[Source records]
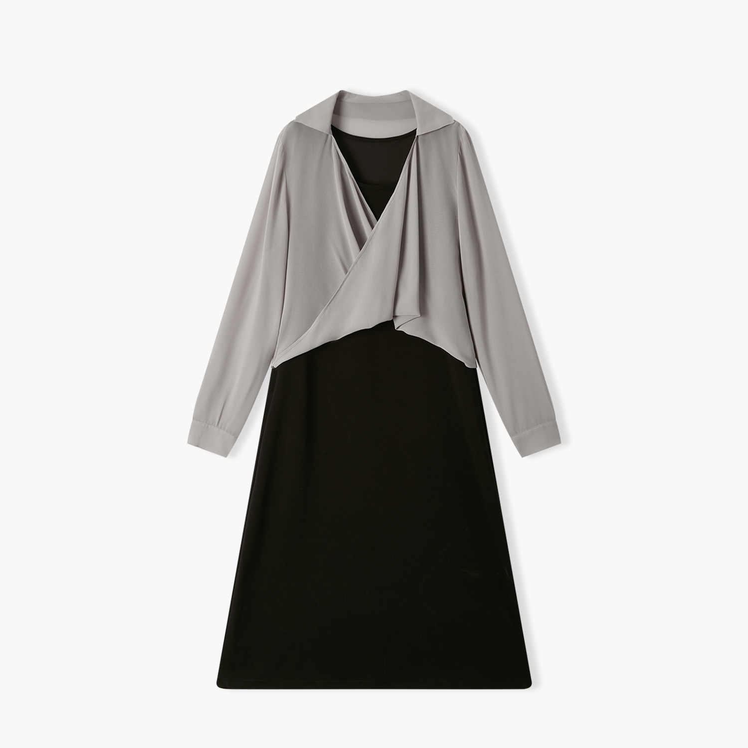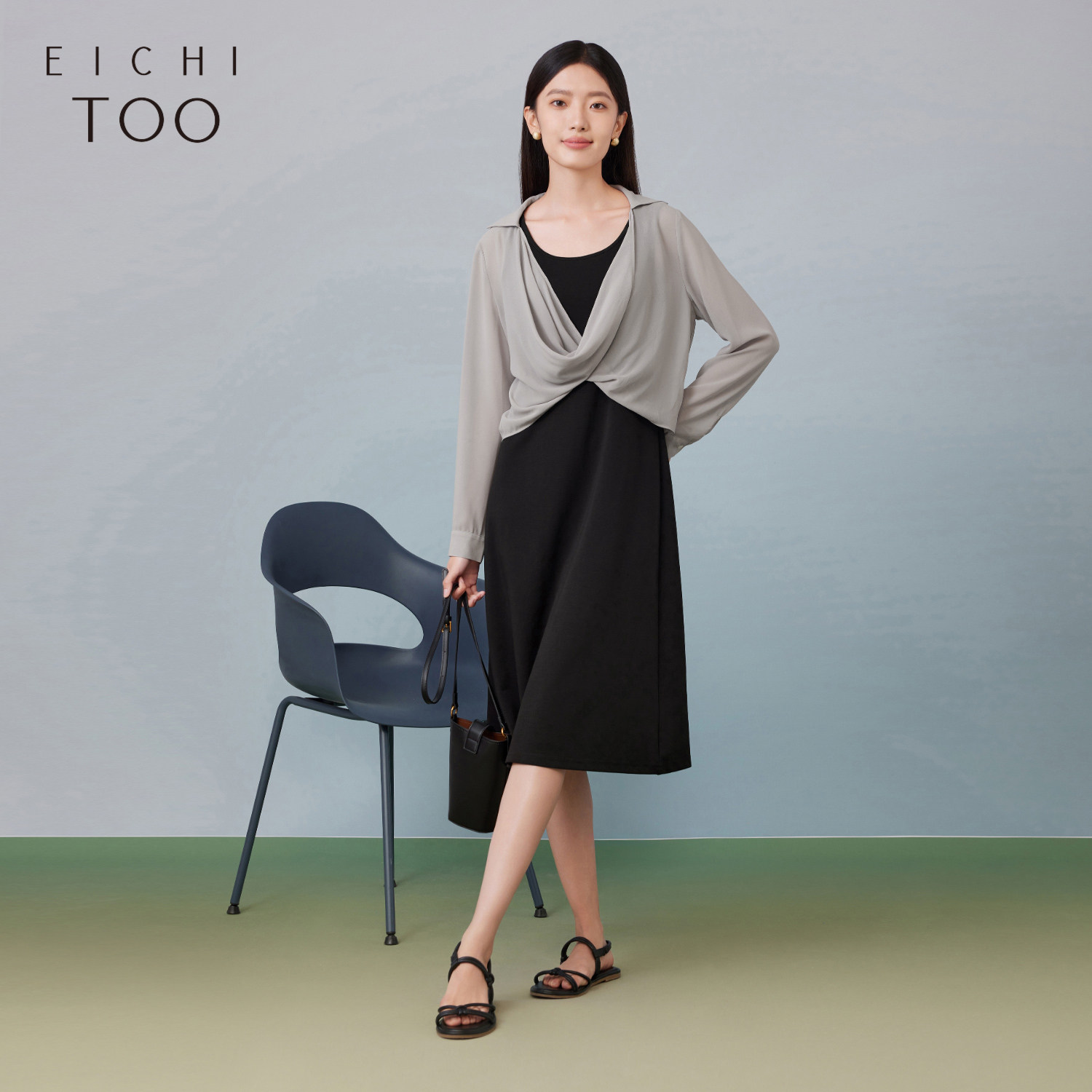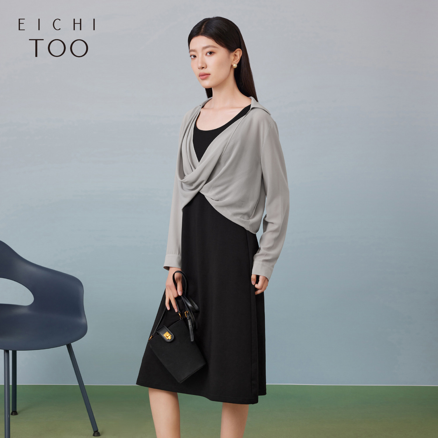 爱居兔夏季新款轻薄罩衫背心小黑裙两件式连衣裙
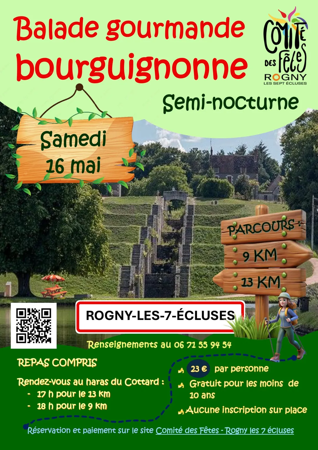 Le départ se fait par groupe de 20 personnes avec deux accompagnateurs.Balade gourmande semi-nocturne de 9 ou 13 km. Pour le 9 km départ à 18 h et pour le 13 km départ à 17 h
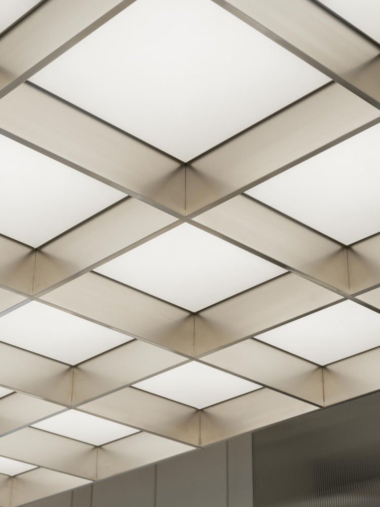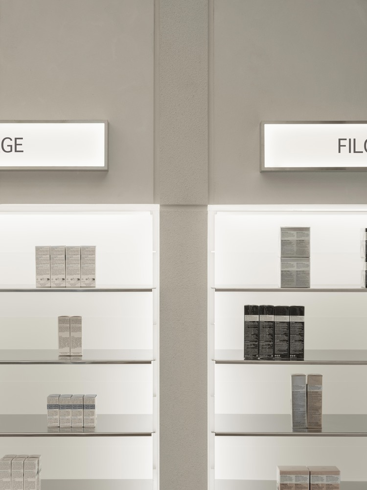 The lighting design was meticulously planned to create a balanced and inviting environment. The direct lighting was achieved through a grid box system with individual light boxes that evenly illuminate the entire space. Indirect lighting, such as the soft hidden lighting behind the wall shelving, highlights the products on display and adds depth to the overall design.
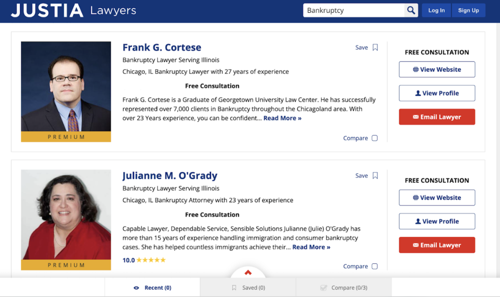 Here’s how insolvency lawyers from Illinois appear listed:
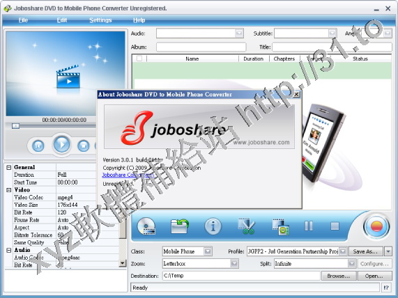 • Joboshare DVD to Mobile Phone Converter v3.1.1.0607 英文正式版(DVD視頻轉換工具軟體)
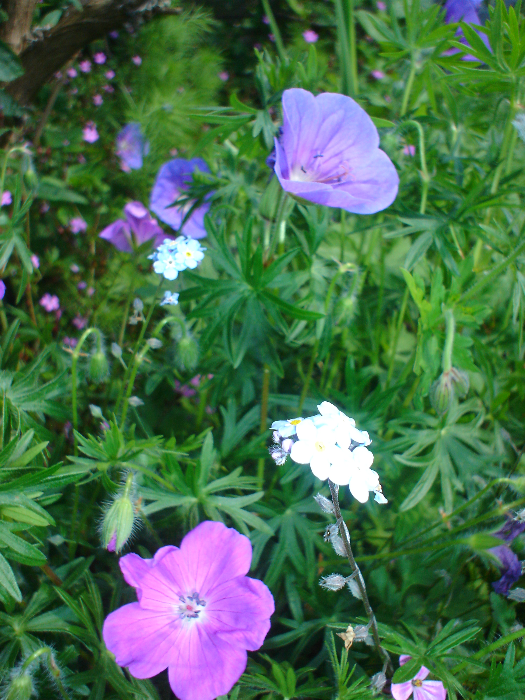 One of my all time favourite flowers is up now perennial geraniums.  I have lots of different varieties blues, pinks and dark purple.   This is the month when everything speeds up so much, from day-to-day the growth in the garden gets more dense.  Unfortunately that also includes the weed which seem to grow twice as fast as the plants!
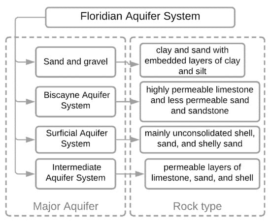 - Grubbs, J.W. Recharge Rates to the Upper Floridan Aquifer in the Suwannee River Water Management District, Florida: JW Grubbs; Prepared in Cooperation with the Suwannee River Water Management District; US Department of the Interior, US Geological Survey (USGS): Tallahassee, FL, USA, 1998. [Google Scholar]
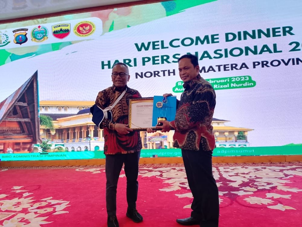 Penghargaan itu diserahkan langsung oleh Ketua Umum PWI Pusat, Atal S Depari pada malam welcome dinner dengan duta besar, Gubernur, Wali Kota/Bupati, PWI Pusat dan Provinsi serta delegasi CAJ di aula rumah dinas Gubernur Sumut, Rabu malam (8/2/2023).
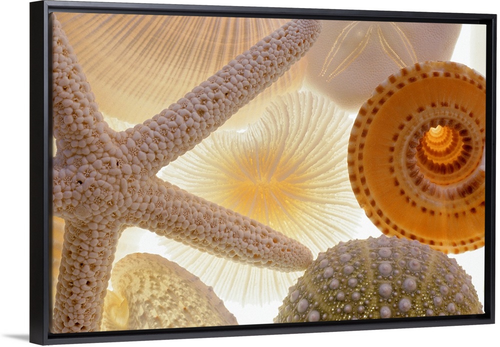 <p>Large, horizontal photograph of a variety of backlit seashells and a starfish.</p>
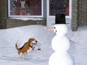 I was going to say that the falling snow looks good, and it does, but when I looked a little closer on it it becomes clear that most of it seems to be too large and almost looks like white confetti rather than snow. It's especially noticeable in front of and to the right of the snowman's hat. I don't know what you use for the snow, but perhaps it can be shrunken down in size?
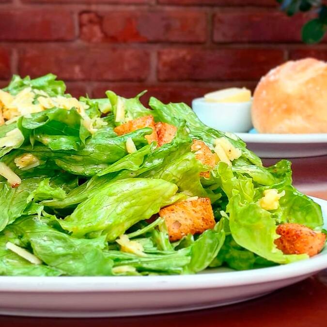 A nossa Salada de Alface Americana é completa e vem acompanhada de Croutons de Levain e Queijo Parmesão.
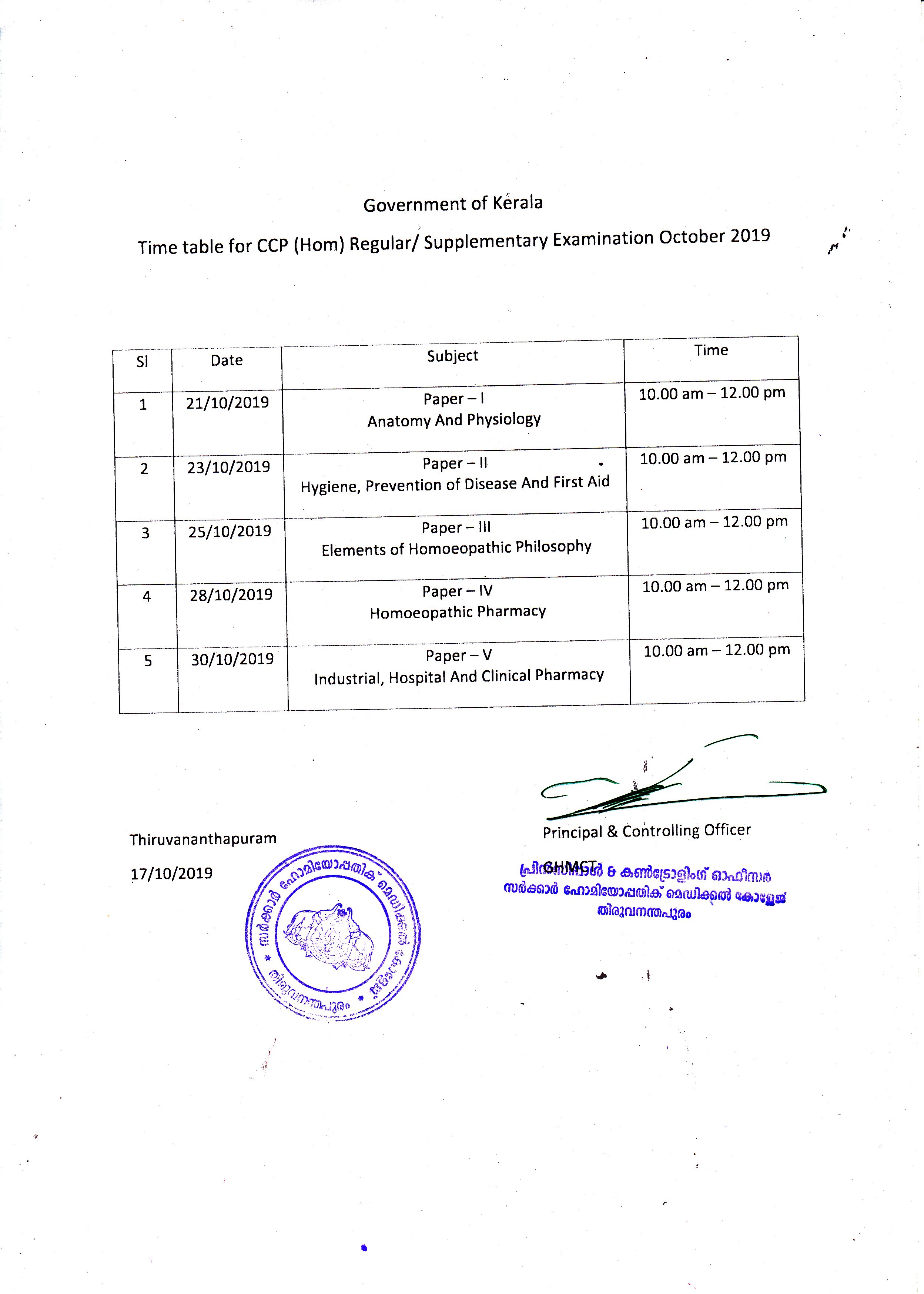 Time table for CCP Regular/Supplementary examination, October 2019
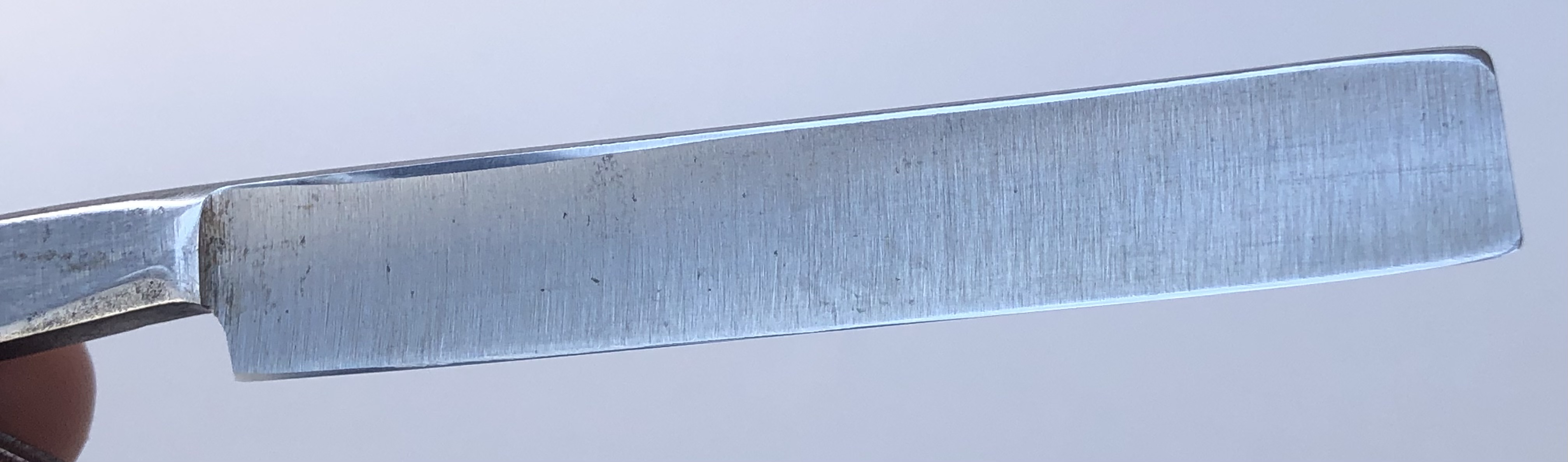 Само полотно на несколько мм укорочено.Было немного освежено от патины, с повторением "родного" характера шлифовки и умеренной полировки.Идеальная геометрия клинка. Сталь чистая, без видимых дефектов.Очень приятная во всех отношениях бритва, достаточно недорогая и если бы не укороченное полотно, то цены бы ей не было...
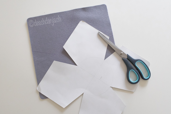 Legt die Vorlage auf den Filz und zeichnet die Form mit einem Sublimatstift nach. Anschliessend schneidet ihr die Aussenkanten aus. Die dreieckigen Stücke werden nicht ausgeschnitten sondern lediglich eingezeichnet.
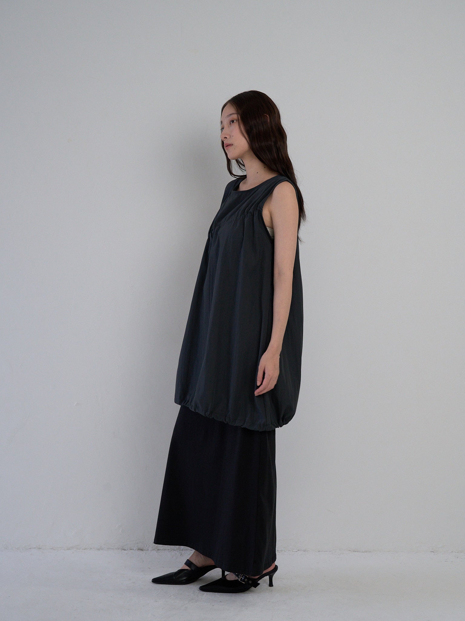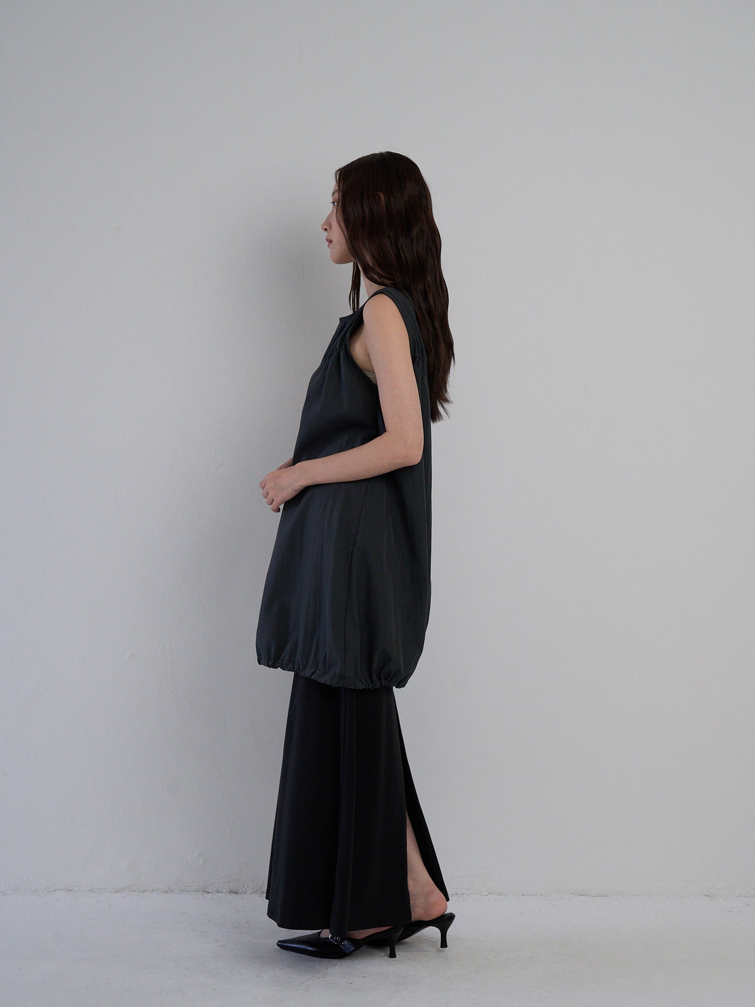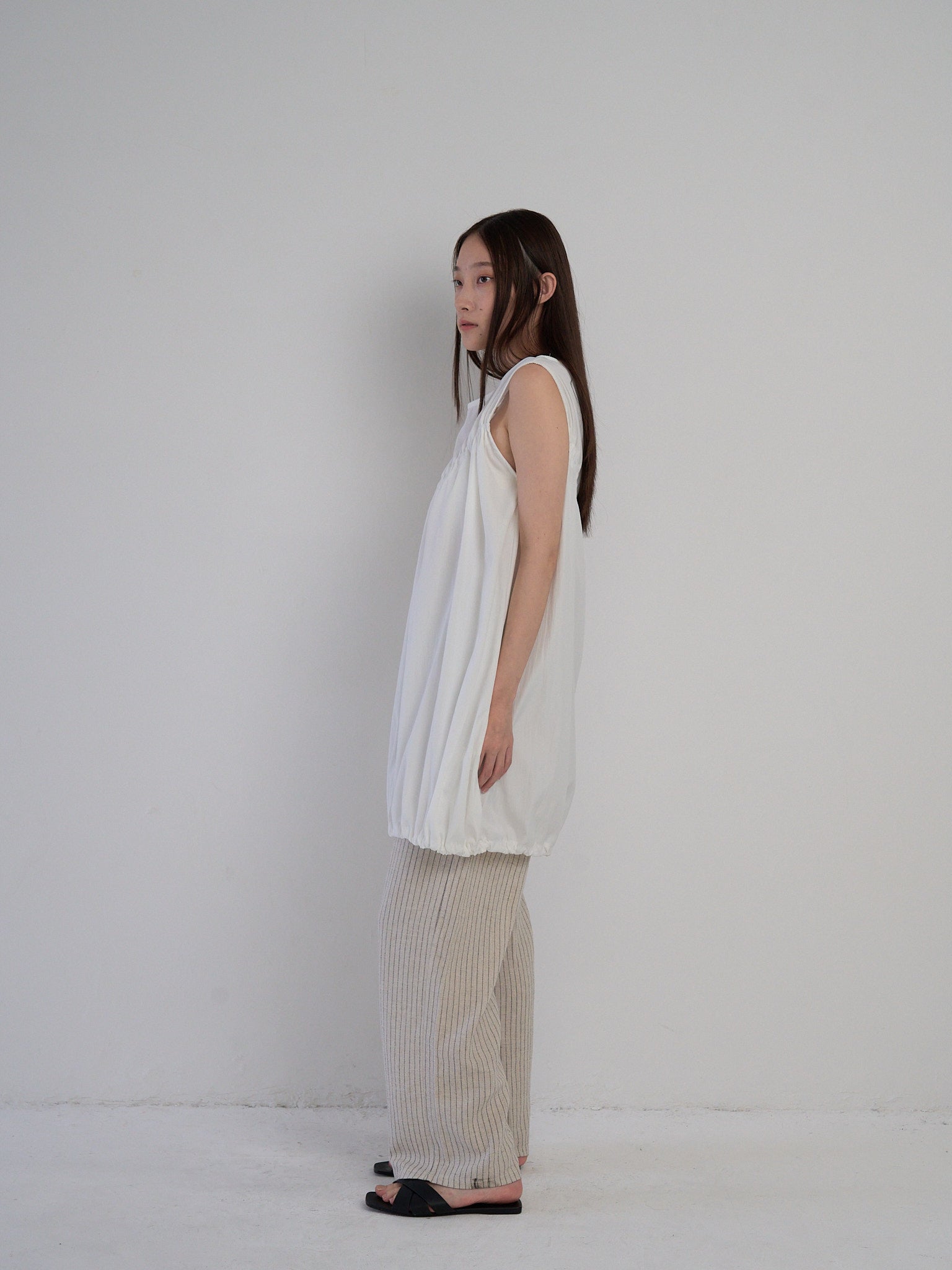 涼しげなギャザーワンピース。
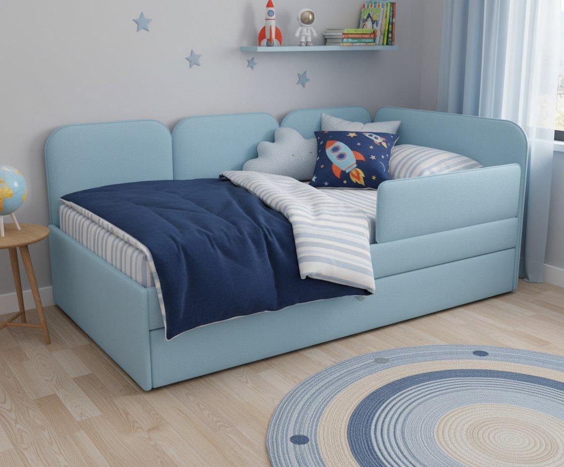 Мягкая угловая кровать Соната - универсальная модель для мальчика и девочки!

Activity. Exact copies of all the entries, without any pictures, are what the answer must contain.

The completed task.
 爱居兔夏季新款轻薄罩衫背心小黑裙两件式连衣裙
 Le départ se fait par groupe de 20 personnes avec deux accompagnateurs.Balade gourmande semi-nocturne de 9 ou 13 km. Pour le 9 km départ à 18 h et pour le 13 km départ à 17 h
 The lighting design was meticulously planned to create a balanced and inviting environment. The direct lighting was achieved through a grid box system with individual light boxes that evenly illuminate the entire space. Indirect lighting, such as the soft hidden lighting behind the wall shelving, highlights the products on display and adds depth to the overall design.
 Here’s how insolvency lawyers from Illinois appear listed:
 • Joboshare DVD to Mobile Phone Converter v3.1.1.0607 英文正式版(DVD視頻轉換工具軟體)
 One of my all time favourite flowers is up now perennial geraniums.  I have lots of different varieties blues, pinks and dark purple.   This is the month when everything speeds up so much, from day-to-day the growth in the garden gets more dense.  Unfortunately that also includes the weed which seem to grow twice as fast as the plants!
 - Grubbs, J.W. Recharge Rates to the Upper Floridan Aquifer in the Suwannee River Water Management District, Florida: JW Grubbs; Prepared in Cooperation with the Suwannee River Water Management District; US Department of the Interior, US Geological Survey (USGS): Tallahassee, FL, USA, 1998. [Google Scholar]
 Penghargaan itu diserahkan langsung oleh Ketua Umum PWI Pusat, Atal S Depari pada malam welcome dinner dengan duta besar, Gubernur, Wali Kota/Bupati, PWI Pusat dan Provinsi serta delegasi CAJ di aula rumah dinas Gubernur Sumut, Rabu malam (8/2/2023).
 <p>Large, horizontal photograph of a variety of backlit seashells and a starfish.</p>
 I was going to say that the falling snow looks good, and it does, but when I looked a little closer on it it becomes clear that most of it seems to be too large and almost looks like white confetti rather than snow. It's especially noticeable in front of and to the right of the snowman's hat. I don't know what you use for the snow, but perhaps it can be shrunken down in size?
 A nossa Salada de Alface Americana é completa e vem acompanhada de Croutons de Levain e Queijo Parmesão.
 Time table for CCP Regular/Supplementary examination, October 2019
 Само полотно на несколько мм укорочено.Было немного освежено от патины, с повторением "родного" характера шлифовки и умеренной полировки.Идеальная геометрия клинка. Сталь чистая, без видимых дефектов.Очень приятная во всех отношениях бритва, достаточно недорогая и если бы не укороченное полотно, то цены бы ей не было...
 Legt die Vorlage auf den Filz und zeichnet die Form mit einem Sublimatstift nach. Anschliessend schneidet ihr die Aussenkanten aus. Die dreieckigen Stücke werden nicht ausgeschnitten sondern lediglich eingezeichnet.
 涼しげなギャザーワンピース。
 Мягкая угловая кровать Соната - универсальная модель для мальчика и девочки!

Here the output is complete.